I read somewhere that fish and horses don't have an "I'm full" off switch to tell them to stop eating. Don't know if that's true, but bettas certainly always seem frantically hungry, don't they?


----------



## elijahfeathers (Oct 15, 2010)

Grundylady said:


> How BIG are your pellets. I bought these "New Life Spectrum Betta Formula" and they are "1mm semi-floating pellets" I can't imagine that 2 or 3 is enough. The jar does not say.
> 
> I was just coming to ask how many how often when I saw this thread.
> 
> Bo just came home to us yesterday and always looks hungry. As a matter of fact he is always poking at the gravel trying to find food, and biting things.



That's actually the same brand I'm using now. Calder adores it-- he hardly touched the pellets I had before. But these ones he's all over like white on rice. Especially when they start to sink-- he chases them like mad!
The thing with him is that it feels like some of them are bigger than others. Some seem to be the size of his old pellets-- but otehrs seem to be like. Half that size.

I think I'll stick with maybe giving him three or four in the morning, and three or four at night.


----------



## Renee S (Jan 10, 2011)

Right now I'm trying to get a feel of how much my guy will eat, so I've been dropping a lot in (they sink quickly on top of that) and he's only eating like 2 or 3. The filter makes them sink quickly and he's in a 10 gallon, so I'm tapping on the glass before dropping the food in so he knows when to come around for the food. Seems to be working.


----------



## Grundylady (Jan 7, 2011)

elijahfeathers said:


> That's actually the same brand I'm using now.
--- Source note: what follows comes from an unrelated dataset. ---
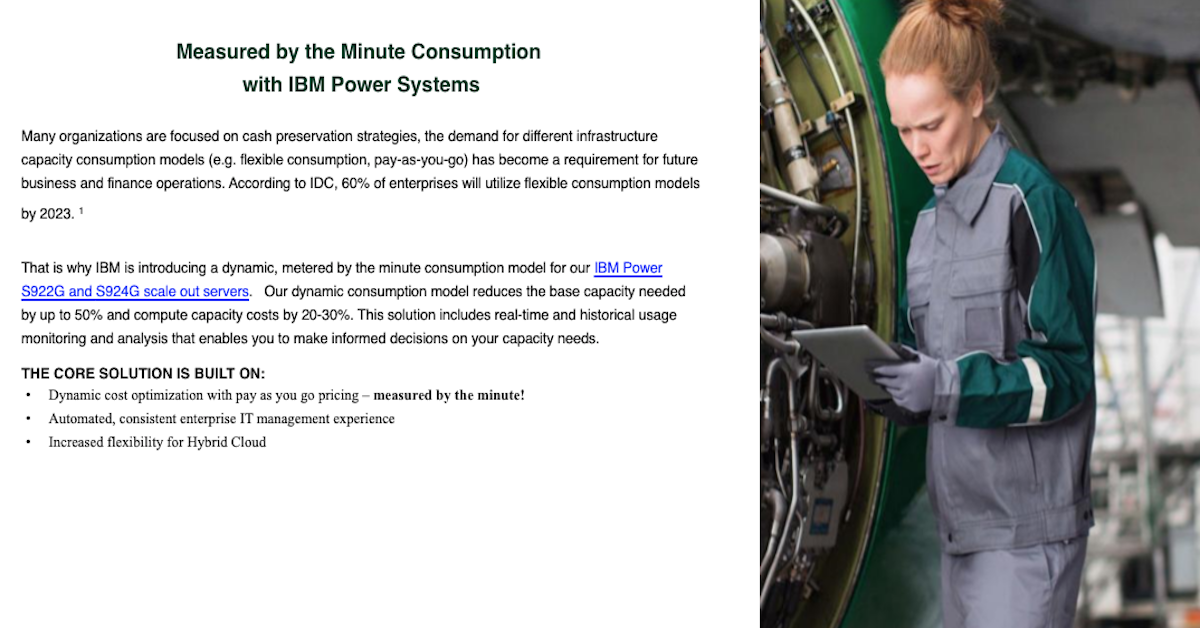 In today’s uncertain times, many organizations are tightening budgets to preserve cash. But with consumption-based IT offerings from IBM and Enterprise Technology International, you don’t have to delay your march toward the cloud. Read this solution brief to learn how our consumption-based offering from IBM allows you to continue to take advantage of the cloud’s agility in a more cost-efficient way by only paying for what you use.

Calder adores it-- he hardly touched the pellets I had before. But these ones he's all over like white on rice. Especially when they start to sink-- he chases them like mad!
> The thing with him is that it feels like some of them are bigger than others. Some seem to be the size of his old pellets-- but otehrs seem to be like. Half that size.
> 
> I think I'll stick with maybe giving him three or four in the morning, and three or four at night.
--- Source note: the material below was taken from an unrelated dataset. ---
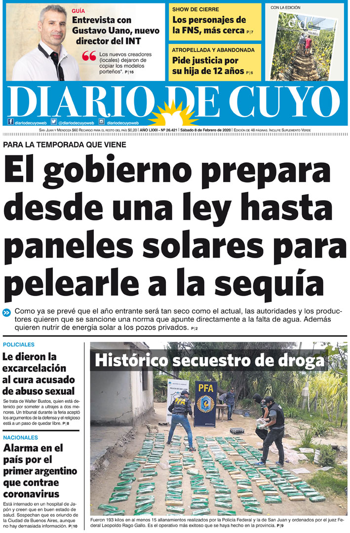 Diario de Cuyo | HOME | Noticias | Tapa Edición Tapa Edición 8 de Febrero 2020 Por Redacción Diario de Cuyo 07/02/2020 · 0:00 Escuchar la noticia Escuchar la noticia Your browser doesn’t support HTML5 audio Tapa Edición Ver los comentarios ›
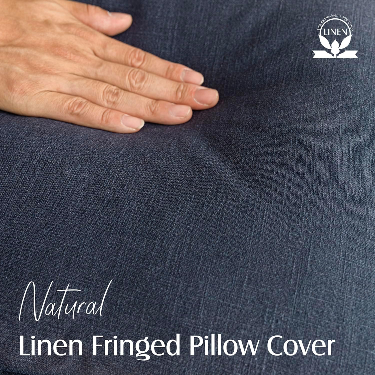 Foindtower Set of 2 Decorative Linen Fringe Throw Pillow Covers Boho Farmhouse Cushion Cover with Tassels Accent Pillowcase for Couch Bed Sofa Living Room Home Bedroom Decor, 12×24 Inch, Navy Blue

I guess I really overfed him then. I'll try what you do tomorrow. Bo does not take them floating though, he once in a while grabs one that is sinking but mostly he searches the gravel bottom and picks them that way. Maybe when there is less going in he will take them floating.


----------



## elijahfeathers (Oct 15, 2010)

I'd suggest feeding on bit of food at a time-- I drop one pellet, and let the fish chew it up. Then I feed the next one, and then the next after that. It keeps me from wasting food and keeps my tank cleaner. ^^


----------



## plakatfighter123 (Jan 15, 2011)

for my plakat (or bettas but R.I.P) they hate the huge pellets. when i went to Petco i bought the baby pellets and the plakat loves it. i think he'll live longer then the other 4.


----------



## Grundylady (Jan 7, 2011)

elijahfeathers said:


> I'd suggest feeding on bit of food at a time-- I drop one pellet, and let the fish chew it up. Then I feed the next one, and then the next after that. It keeps me from wasting food and keeps my tank cleaner. ^^


I switched from the New Life Spectrum to "Betta Banquet" and giving one at a time as you suggested. He actually eats these pellets! 
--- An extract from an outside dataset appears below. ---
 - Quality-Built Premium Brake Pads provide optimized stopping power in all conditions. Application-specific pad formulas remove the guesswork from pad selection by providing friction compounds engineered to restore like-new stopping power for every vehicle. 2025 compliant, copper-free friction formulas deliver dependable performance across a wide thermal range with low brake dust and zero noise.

He is also looking more colorful and a bit darker......yea.


----------



## kanyewest (Aug 24, 2010)

I am a horrible owner I guess, because I give mine 6-7 a day. Around the time of night I feed him he starts jumping at the top of his tank haha. and he can see his jar of food, and he'll start swimming at it through the glass, it's so cute. I tried fasting him once, and he jumped at the top of his tank for ever trying to get food. So much for that.


----------



## Feral (Sep 19, 2010)

In a pinch follow the directions ;-)


----------



## Grundylady (Jan 7, 2011)

Feral said:


> In a pinch follow the directions ;-)


That was what threw me at first. There were no directions on the jar. LOL Can you tell I am a first time fish owner?


----------



## Feral (Sep 19, 2010)

Grundylady said:


> That was what threw me at first. There were no directions on the jar. LOL Can you tell I am a first time fish owner?


 
Well, I'm not far in front of you either ;-) No instructions huh? That's a bit lapse on their part I would think, so I went on line in search of feeding instructions- no luck! the best I was able to do was this, for the NewLife Spectrum Thera A 1 MM (tiny) pellets:

Feeding Instructions: 
Feed twice daily. Amount should be able to be consumed by the fish within 1-2 minutes.

Sensible enough, but not very specific, especially if you've got voracious feeders like a couple of mine! Hope this helps.


----------